Monday, July 16, 2012

I'll see you soon


So this is my final blog. I just want to let everyone know how I’ve been doing since coming home.
First, I want everyone to know that the last 6 months of my exchange were the best of my life. I cannot describe the joy the last 6 months brought me. Sure, I missed home but compared to how much I miss Hungary now that was nothing. I loved my life. I loved my friends- and I became closer to them than I ever have with anyone else. I was independent. I was travelling. I got to see Europe and I spent every day doing fun things with my best friends.  At the end of June most of my best friends had gone home so at that point I felt that I was ready to come home. Of course the hardest part of goodbye I thought was over. I had said goodbye to the girl I’d spent everyday for 5 and half months with, Annika. I’d said goodbye to my Budapest clan, Devin and Max. I said goodbye to Nicole, Shabree, Terry, Arthur, Bianka, Taylor, and Parcsa- the people who had saved my life the first 4 months and made my exchange. Leaving on July 2 I cried when I left my host parents- who ended being a great family for me. I cried when the plane took off- not knowing when I’d see my favorite city again. I cried on and off on the flight to Detroit because I thought about the year and the fact that I made it. I survived it. But mostly the fact that I just couldn’t believe it had been 10 months and it was over. I started this process over 2 years ago and it is all over with. For 2 years my mind constantly thought about it and it is over. To tell you the truth, that concept is still not hit me. I don’t want it to be over. Accepting that it is still really difficult.
I haven’t cried much since I got home. The first two days were difficult. I’ve thought about it a lot and I think reverse culture shock is much, much worse than culture shock. I was okay until this past weekend. It was the exchange student weekend for the all the exchange students in our conference area. To me if felt like a constant reminder. A reminder that my exchange is over, that I will be sad a lot, that high school will be miserable, that I can’t go back soon and that life will not be that exciting anymore. I had to watch all the new kids going out and how excited they were and it killed me. I just want to get in a time machine and head back to last August. There were lots of lows but many more highs and I just wish I could relive it. The worst part is knowing that even if I go back to Budapest it won’t be the same- my best friends won’t be there, it won’t be for as long, things will have changed. I can never go back to what I had. Accepting that has also been very difficult.
When I was on my flight from Frankfurt to Budapest last August I felt between two worlds. I had left everything I knew and at that point I was between to unfamiliar places- Germany and Hungary. That is exactly how I feel now. Except that flight was an hour or so and this has been 2 weeks. Hungary seems like home now and I am caught between knowing that Hungary is not the same now but neither is the US. I think I glorified home a lot when I was gone. I’m home now and the food isn’t as good as I remember. My bed is not as comfortable. The dollar is soooooo expensive compared to the Forint. I spend my days doing nothing. I drive my mom around because I’m trying to get my license and I watch tv episodes on my computer. I am reminded of everything I have to do-finding a college, college applications, swimming, high school senior year, getting a license, senior pictures.  My friends are so busy now with work and other things that I feel like I don’t see them much at all. I guess it is just lonely. It feels like the beginning of my exchange all over again- lonely with not much to do missing home. I miss home in 2 ways. I miss home; home being Hungary and I miss home; home being Michigan before I left. So much has changed in my life- including me- that I feel like I don’t fit into my own life. Excepting a new reality is a part of reverse culture shock and it is terrible.
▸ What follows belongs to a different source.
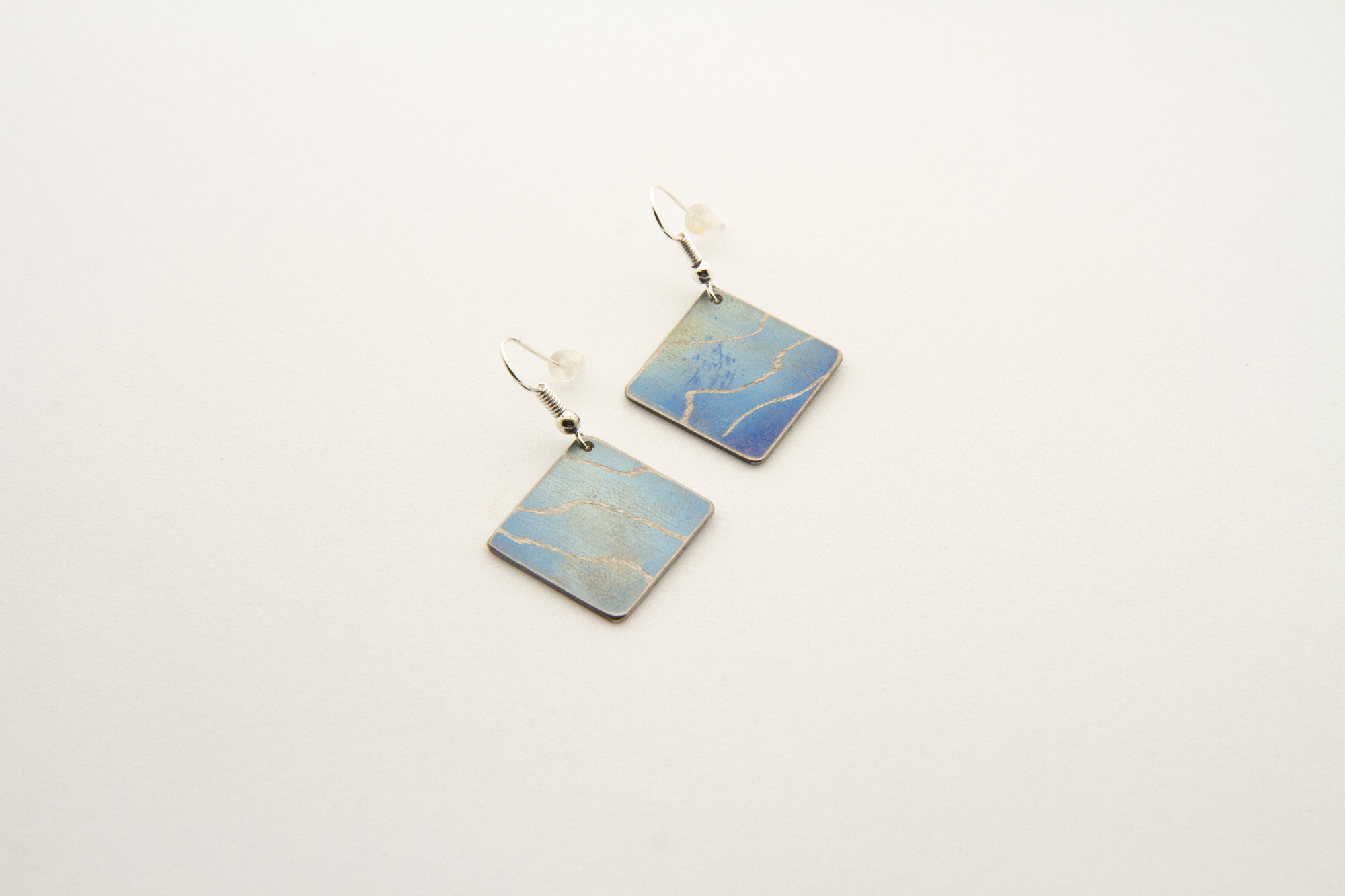 Orecchini a rombo piatti in titanio ossidato, con incisione a righe ondulate orizzontali

So since this is my last blog I’d like everyone to know this year was by far the year of my life. I changed into a more mature, independent, loving person. I grew up and I learned so much about myself, others, and the world. I cannot put the benefits of this year into words. It was the best decision I will probably ever make to leave in August even though it killed me at the time. Leaving Michigan was the hardest thing I had ever done- but coming home and dealing with reverse culture shock is sooooooooo much worse.  For any student out there who is thinking about going- do it. It will be one of the best, most rewarding things you will ever do. I loved Hungary and I loved the people I met and I will never forget them or the experiences I had. Despite all the sadness I feel now and all the lows I had while there I would do it again 1000000000000x over. It was worth it.
Lastly, to put a song to my mood.

Szeretlek, Magyarország. 

Wednesday, April 25, 2012

Recent Happenings


So I know it has been to long since I updated this- but to me this life is normal now so writing this doesn't seem as important. Anyways - I've been living in Budapest for awhile now and I loveee it! I always thought I would like living in the city but it is so much better than I imagined. There is always something to do and even when you can't think of anything you can just walk around and seeing the beauty never gets old!! Budapest is truely like the most beautiful city (maybe I'm just biased) but I haven't gotten over it. The Danube is such a beautiful color and all the buildings along it make so much cooler. Everytime I ride one of the trams to Pest from Buda or vice versa we go over one of the bridges and staring out I always think about how lucky and grateful I am to have this year. And to be living here; in the capital! I feel so blessed. I can't imagine that in just 2 months I have to leave. I can't make myself think about it- it is too hard. The people I've met this year have been some of the most amazing people I've ever met and they have completely changed me (in a good way of course) and the fact that I leave them to breaks my heart. Like I've always said- there is no bond like an exchange student bond! I know going to Midland will be good because I'll see my bestfriends again and my pets and my family and my American lifestyle but I think it will be beyond difficult. I will miss Budapest and the city life and my host family and my best friends here and having no school work and public transportation!!! God, I will miss public transportation. I think the only negative part of being an exchange student- you get to live an amazing life full of new things, new people, new food, new places, lots of traveling, and experiences up the wazzoo but it is only for a year. If someone gave me the option to stay another year living my same life I do now- no doubt I would take it. But since I know I have to leave I am very happy I was born into the generation of Internet users. Lucky that it is so easy to stay connected.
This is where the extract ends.